New Poll: Likely Voters Prioritize Raising Wages for U.S. Workers in Free Trade Agreements

Washington, D.C. - With the text of the U.S.-Mexico trade agreement expected today and Canada's deadline this weekend, a Mellman Group and Public Opinion Strategies national survey of 1,200 likely voters finds, among other discoveries, that likely voters’ top priorities for new trade agreements are raising wages for U.S. workers (72 percent), promoting strong foreign policy alliances (71 percent), and establishing penalties to prevent trade partners from cheating or side-stepping commitments (67 percent). Read more about the findings here.

Alliance for American Manufacturing (AAM) President Scott Paul said:

"American voters have made it clear that any free trade agreement our country joins must work first for American workers and ensure there are no loopholes for abuse. For decades, free trade agreements like NAFTA have fallen short, put downward pressure on wages, and left too many workers in all three nations behind.

"The poll shows that our leaders have no other option than to commit themselves to fighting for good paying jobs and fair trade, both of which are intimately linked. Americans aren't opposed to free trade agreements, but only if they benefit all players in our economy - not just a select few at the top."

BACKGROUND: This national survey polled 1,200 likely 2018 general election voters from Aug. 28 through Sept. 9, 2018. Survey interviews were conducted on both land-lines and cellphones, using a registration-based sample. The margin of error for is +/-2.8% at the 95% level of confidence, and is higher for subgroups.

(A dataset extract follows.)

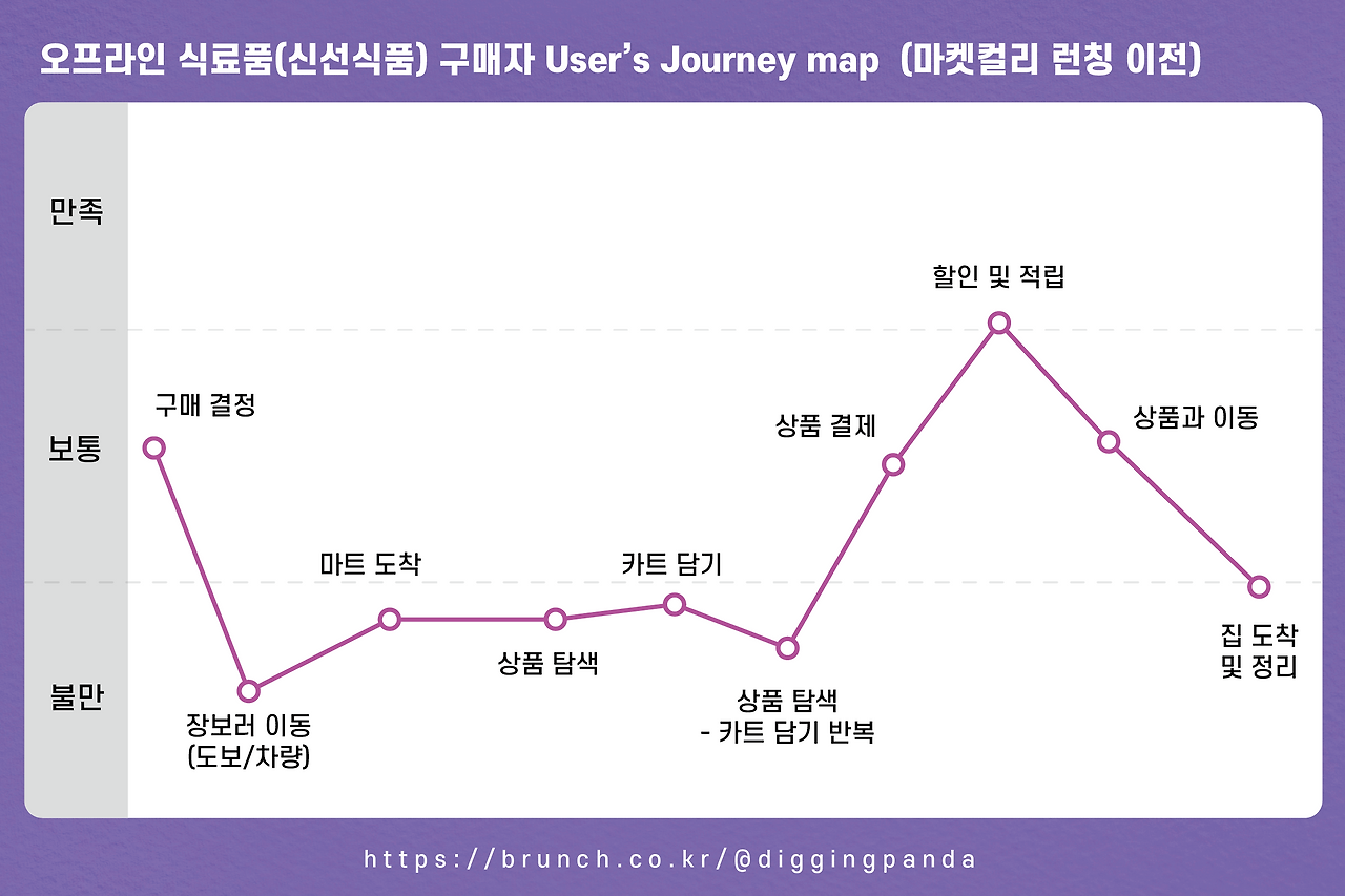 마켓컬리 이전 퍼소나 해당 고객들의 식료품 구매 경험을 고객 여정 지도(User journey map)를 통해 알아보자

Given a list of eight different proposals to create jobs and strengthen the economy, “enacting more free trade agreements” ranked near the bottom, below cracking down on unfair trade, a national infrastructure repair effort, and investing in vocational and technical training. Barely one in 10 (11 percent) felt enacting trade agreements was one of the most important things to do, and only 38 percent felt it was even “very important.” This sentiment held consistent across demographics, with trade agreements ranking near the bottom in importance across party, race, region, among manufacturing households and with the white working-class. Voters are open to the idea of free trade agreements, but they will judge the success of any agreement by how much it will do to help American workers and stop unfair trade.